Whereas Heidegger’s hermeneutics is fundamentally a phenomenological re-reading of Aristotle’s metaphysics, Hans-Georg Gadamer’s (1900-2002) philosophical hermeneutics is, despite its name, a practical application of Heidegger’s fundamental ontology. It is not the question of being that animates his thinking but the question of how tradition and language pre-shape our understanding (i.e. our being-in-the-world). However, quite unlike Dilthey, Gadamer is not concerned to re-construct the works of the past but to engage with them, to discern and unravel their implicit potentialities of unrealised meaning. He regards tradition as an indispensable tool box for the engineering of new responses to the cultural difficulties posed by our own historical horizons. Though Gadamer openly explores the questions of tradition and linguisticality as the formal conditions of the emergence of understanding within us, his concern is pre-eminently practical rather than “metaphysical”. It is not so much what tradition and linguistically reveal of Being that draws him but what involvement in tradition and linguistically enable in our interpretive practices i.e. the unpredictable bringing about of new insight and understanding .

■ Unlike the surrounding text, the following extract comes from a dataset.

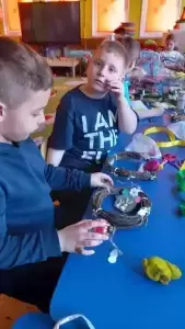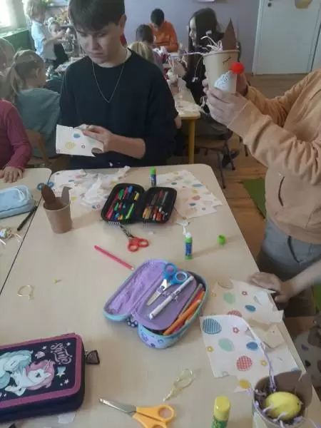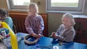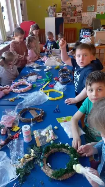W przygotowaniach do kiermaszu brali udział także Wolontariusze ze Szkoły Podstawowej w Ciechowie, którzy pomagali w ozdabianiu części dekoracji.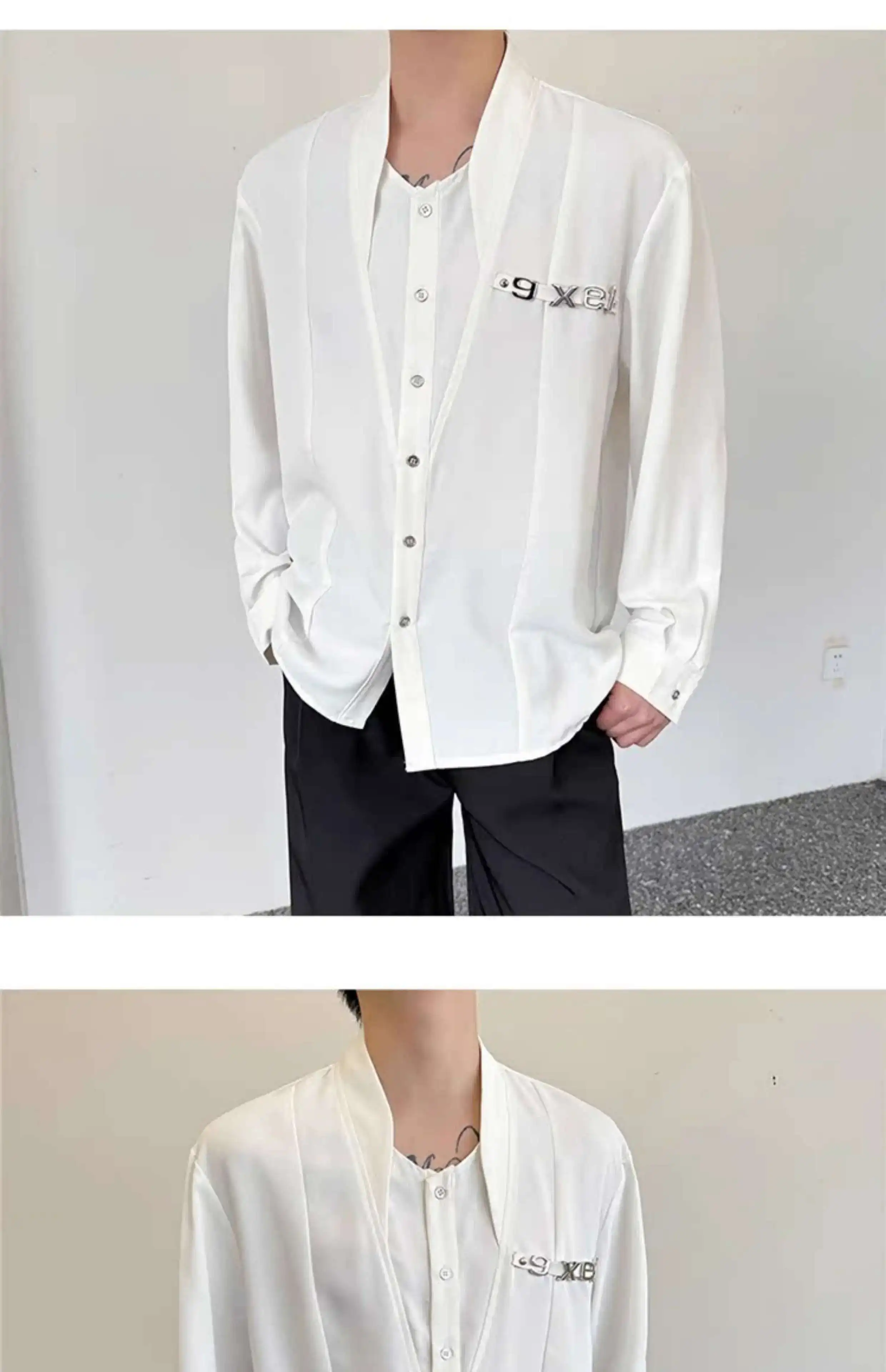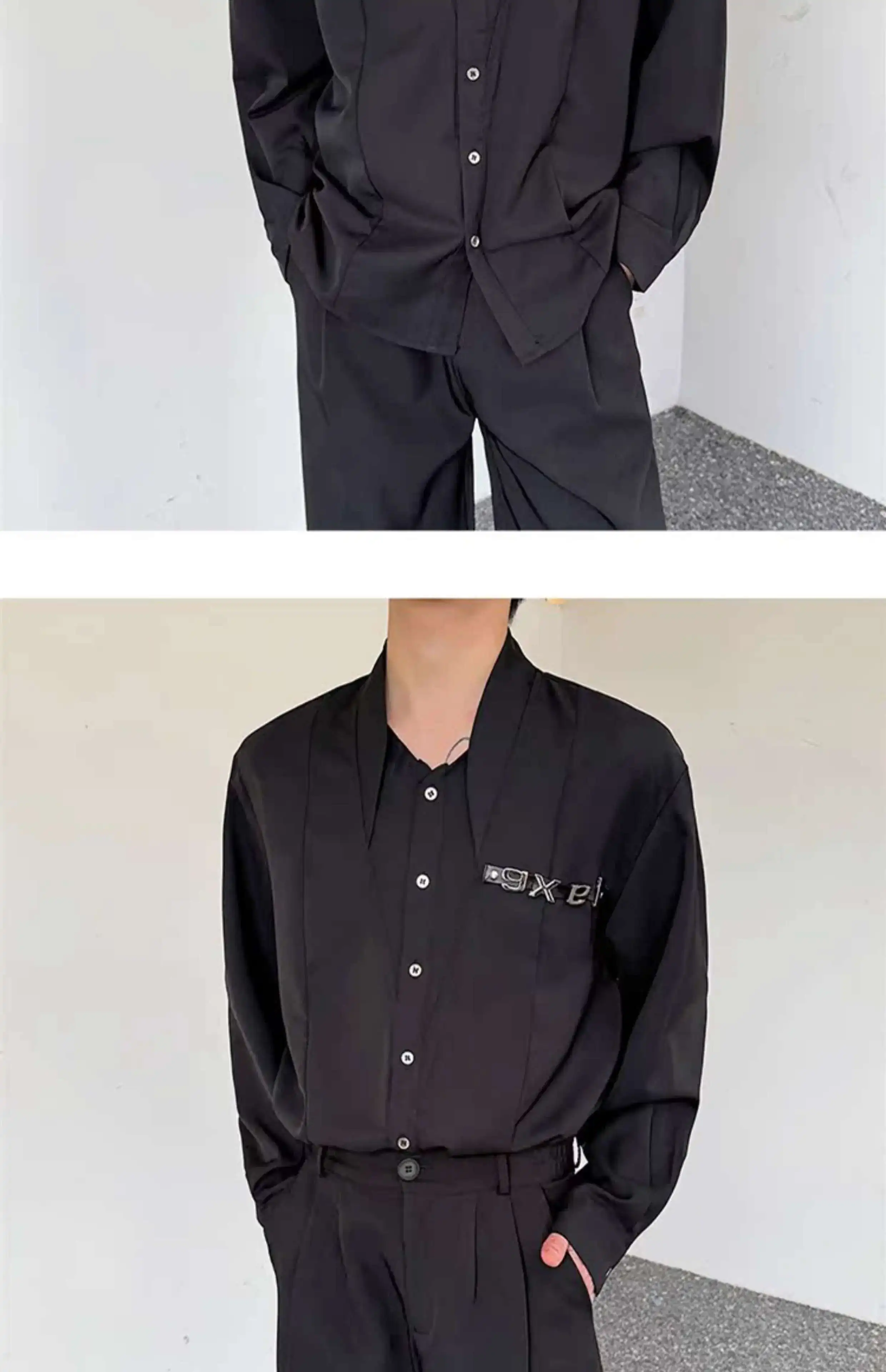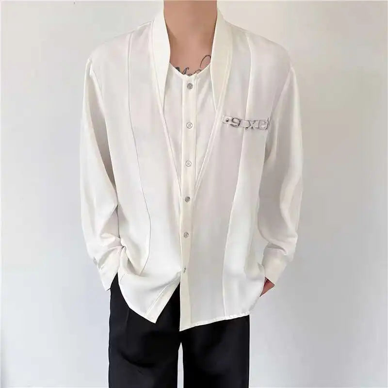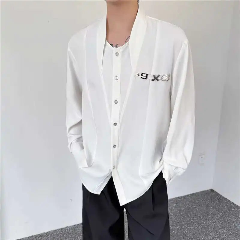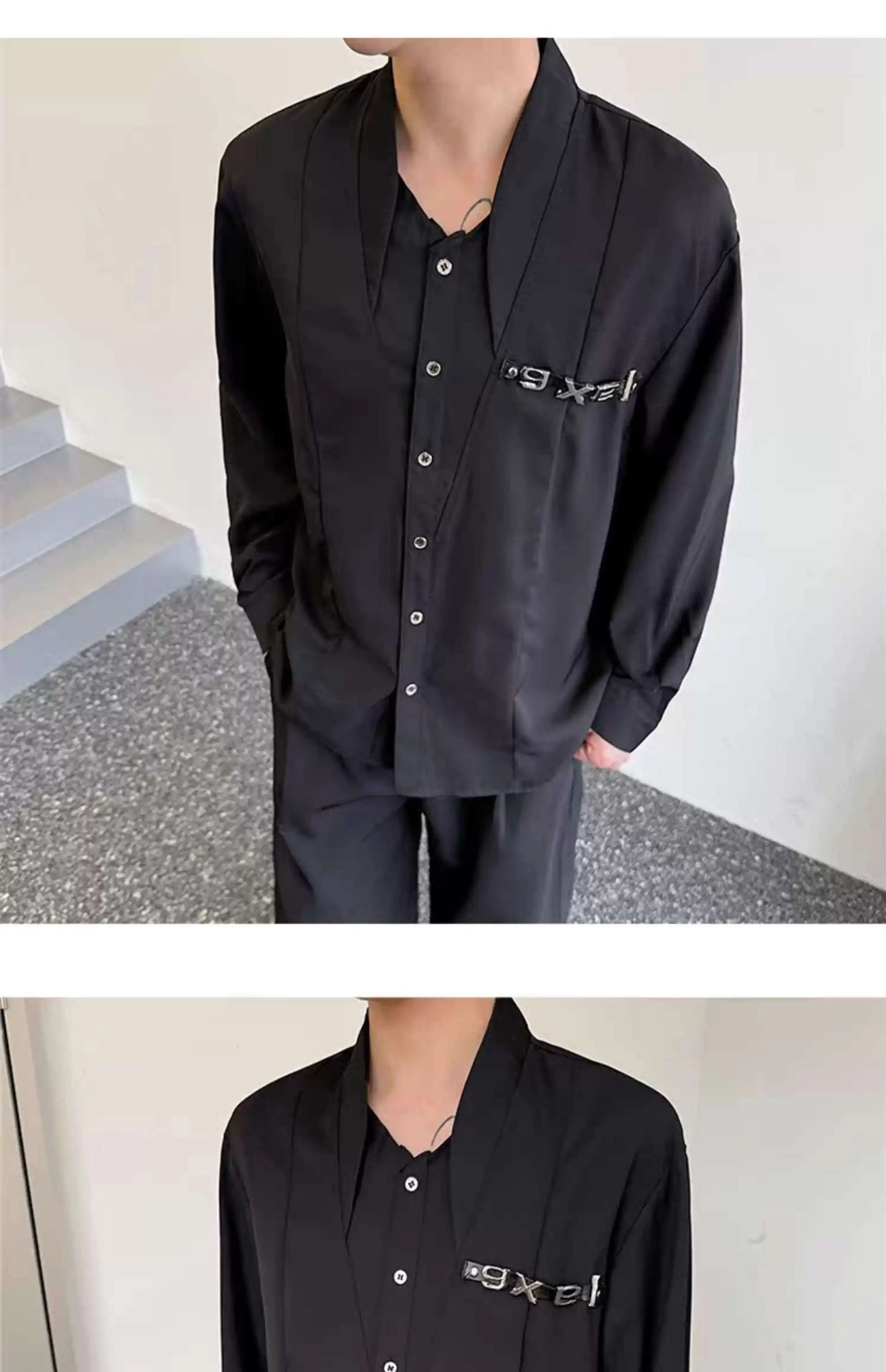 WIAOFELLAS - Fashion Men's Solid Color Patchwork Metals Design Casual Shirts Trendy Stand Collar Long Sleeves Blouses Male Summer

The characteristic signature of Gadamer’s philosophical hermeneutics is dialogical. Interpreting is a matter of engaging in dialogue with persons, subject-matters, or cultural problematics. We can never enter dialogue neutrally. This leads to the objection that Gadamer can never escape the charge of subjectivism. However, one cannot enter a dialogue without a point of view albeit that it is shaped by the traditions one is born into. It is precisely meeting with points of view from other traditions and cultures that allow the adequacy of one’s own perspective to put to the test, that shape one’s existence. Although he continues the anti-subjectivist strand of Heidegger’s ontological hermeneutics, what is sorely missing in Gadamer’s more practical hermeneutic is how irrespective of any interlocutor’s intentions the collision of horizons of meaning can of themselves open new vistas of meaning that the participants of dialogue never anticipated.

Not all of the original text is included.